If it were me, knowing I had grown the most delicious lychees only to receive the lowest price, I certainly wouldn’t want to endure the hardship of picking and selling them. Cruelly, the market uses volume, not quality, as the lever for price.
And even when it comes to quality, consumers are likely less concerned with taste or nutrition than with how the fruit looks.
In the Conghua District where Yinlin is located, a variety called Jingganghong is being vigorously promoted. It doesn’t taste great, but it is striking—a red so vivid that consumers are happy to pay for it.
Other villagers have chopped down the lychee trees by the paddies to plant the more sought-after fragrant lemons. These trees fruit in just two years, or even less. Zhong-ge says that once those lemon trees all bear fruit next year, these people will realise just how low the price will drop.

V. Lychee trees, are you happy?

On an afternoon in June, following the rain, I walked with Zhong-ge into the grove and touched the two-hundred-year-old lychee trees.
Zhong-ge told me that these trees no longer have any value, so they are ignored; as a result, they have withered and are not as grand as they once were.
Guo Rui added that because the lychees are neglected and left wild, fewer herbicides, fertilisers, and pesticides are used. The ecology has improved; there are more birds and fewer pests.

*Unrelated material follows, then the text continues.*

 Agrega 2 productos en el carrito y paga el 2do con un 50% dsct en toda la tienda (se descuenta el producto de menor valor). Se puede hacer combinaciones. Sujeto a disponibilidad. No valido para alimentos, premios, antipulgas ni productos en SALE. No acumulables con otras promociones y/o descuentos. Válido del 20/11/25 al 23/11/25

I gazed at the trees, lost in thought:
Does the market push high-quality products to the consumer?
Does the market encourage producers to create something of quality?
Does the market make the lychee trees happy?
I wanted to ask the trees: after more than two hundred years, do you feel free now?
The lychees of Conghua, Guangzhou, are nearly ripe, and the residents of Yinlin—both old and new—have begun preparing for the second Yinlin Lychee Festival. Although this year is an off-year for Yinlin with very little fruit, we still hope to use this opportunity to share more stories of the local lychees.
We hope that participants will reflect on whether the desire for “food” fulfils our true needs, and how that desire has transformed the producers, the environment, the supply chain, and the consumers.
And then, let us all embrace those two-hundred-year-old “valueless” lychee trees, and feel a life that is ancient and steady, yet still vibrant and thriving.
Perhaps, one day, when we as humans are also labelled “valueless”, we can find solace in the life story of these ancient lychee trees.